The way you start a story is what determines whether your reader will continue reading it or switch off and move on to the next interesting thing. If I tell you right now that as I write this I am sitting on a plane to Durban for work and that I am in tears and have been for the past 15 minutes, you will keep reading because you would be curious to find out why I am crying.
If however, I tell you the reason for my tears in this paragraph, you will stop reading because I have given you the answers you needed and highly likely event I that the rest of the story will just be whiny and boring to you. So I won’t tell you immediately why I am crying right now but I will tell you why I was crying last week Friday and how this led to my sobbing today.
I had a horrible day at work last week Friday and afterwards I met up with some fellow young professionals at a networking session we have every month.
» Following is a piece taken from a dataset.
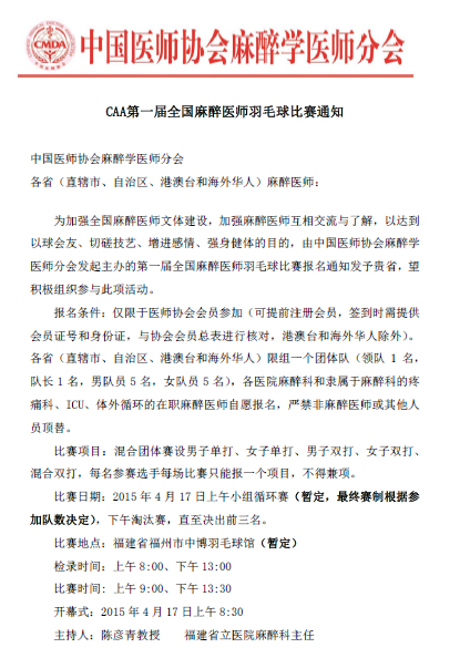 中华医学会麻醉学分会2015年全国中青年麻醉学科医师学术论坛征文通知
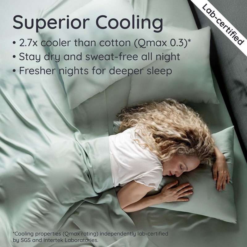 - Cooling Comfort: These king size cooling bed sheets are designed with thermoregulating fabric that keeps your temperature perfectly balanced. Its breathable properties ensure you stay cool, dry and comfortable. Lightweight and airy, this cooling bedding for hot sleepers is ideal for those prone to night sweats, delivering year-round comfort.

Usually these get me in a great mood and we end up partying the night away but last week my heart just wasn’t in it and I had to find a quick exit one way or the other. I left to go meet up with my boyfriend. He says as soon as I rolled down the window he knew something was wrong but of course in my mind I am the master of masking my feelings and I don’t believe that he did.
To cut a long story short I was in a financially burdensome place and I had no idea how to get out of it. As soon as I started to explain this to him the tears came, overflowing like Niagara and I had no idea how to cut the water supply (probably because you can’t cut the water supply of a waterfall, smh). I got into Columbia University for my Masters in Journalism and I needed to get $1000 in less than a week. That’s about R10 600 because as we all know, the Rand has some weaknesses and the Dollar is one of them. I was freaking out because my mother’s response was: “Apply for a loan at the bank my girl”. I knew if that was her answer there was genuinely no way he could help me. My mom would give her limbs for me, I know that and so does anyone else who knows her.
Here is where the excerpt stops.